Un jeune homme, marié depuis à peine quelques mois, voit, par un bel après-midi, débarquer chez lui une patrouille militaire qui l’embarque sans lui demander son avis.

Il réalise ainsi qu’il est enrôlé de force dans une unité militaire et qu’il doit se préparer à la guerre. Guerre dont il ne sait rien, dont on ne lui dit rien pas plus qu’aux autres qui se retrouvent dans la même situation que lui.

Commence alors l’incorporation, le lendemain leur préparation militaire, les entrainements, le maniement des armes, encadrés par militaires arrogants et sévères.

Puis c’est le transfert de nuit, tout d’abord par camions bâchés, puis en avion, Ou vont-ils ? ils n’en savent rien; pour combien de temps ? ils n’en savent pas plus. Arrivé dans leur nouveau camp ils ne savent où ils sont et la vie s’organise au rythme du clairon, des ordres et des contre-ordres, des brimades, des corvées, des gardes de nuit, des patrouilles et des jours de repos bien mérités.

Le temps passe, au début le jeune homme est affecté à diverses tâches ingrates puis un jour il est convoqué devant un civil qui lui demande de confirmer s’il parle l’anglais. Il se retrouve ainsi affecté à un département où il doit traduire et taper toutes sortes de documents allant de brochures sur les véhicules de montagne au mode d’emploi pour une fusée.

Fini les corvées, les gardes de nuit devant un rocher, le voilà dédié à cette tache administrative.

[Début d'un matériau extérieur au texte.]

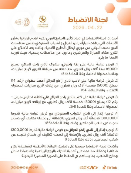 أصدرت لجنة الانضباط في اتحاد كأس الخليج العربي، اليوم الأربعاء، عقوبات مالية على خلفية أحداث مباراة زاخو والشباب السعودي، تضمنت غرامة قدرها 300 ألف ريال على نادي زاخو ومثلها على الشباب السعودي بسبب شغب الجماهير.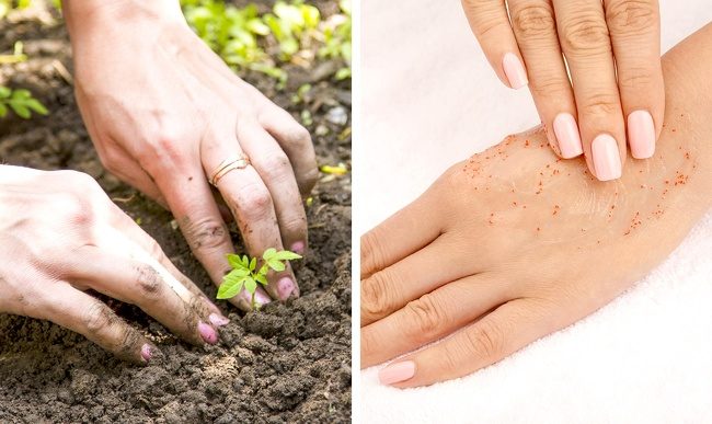 Чтобы отмыть въевшуюся после работ в саду землю, нужно воспользоваться скрабом.

L’auteur nous raconte la vie dans le camp, heure par heure, jour après jour, année après année. Tenu dans l’ignorance la plus totale quant au déroulement des hostilités qui auraient lieu on ne sait où ni contre qui, mais ce qui devient important à leurs yeux, c’est d’être prêt.

On ressent graduellement le changement qui s’opère dans le comportement humain, enfermé dans un camp, sans savoir où ils sont ni pour combien de temps. La résistance du début fait place à l’acceptation puis graduellement au sens du devoir, au respect de la hiérarchie. Il se met à prendre son travail au sérieux, à y croire. Au bout d’un certain temps, la notion même de liberté devient toute relative.

Les années passent, puis un beau jour, sans crier gare ils sont démobilisés.

Il rentre chez lui après dix-sept ans, c’est le choc, il n’a plus rien à faire, plus d’ordre à recevoir ni à exécuter, il est totalement décalé.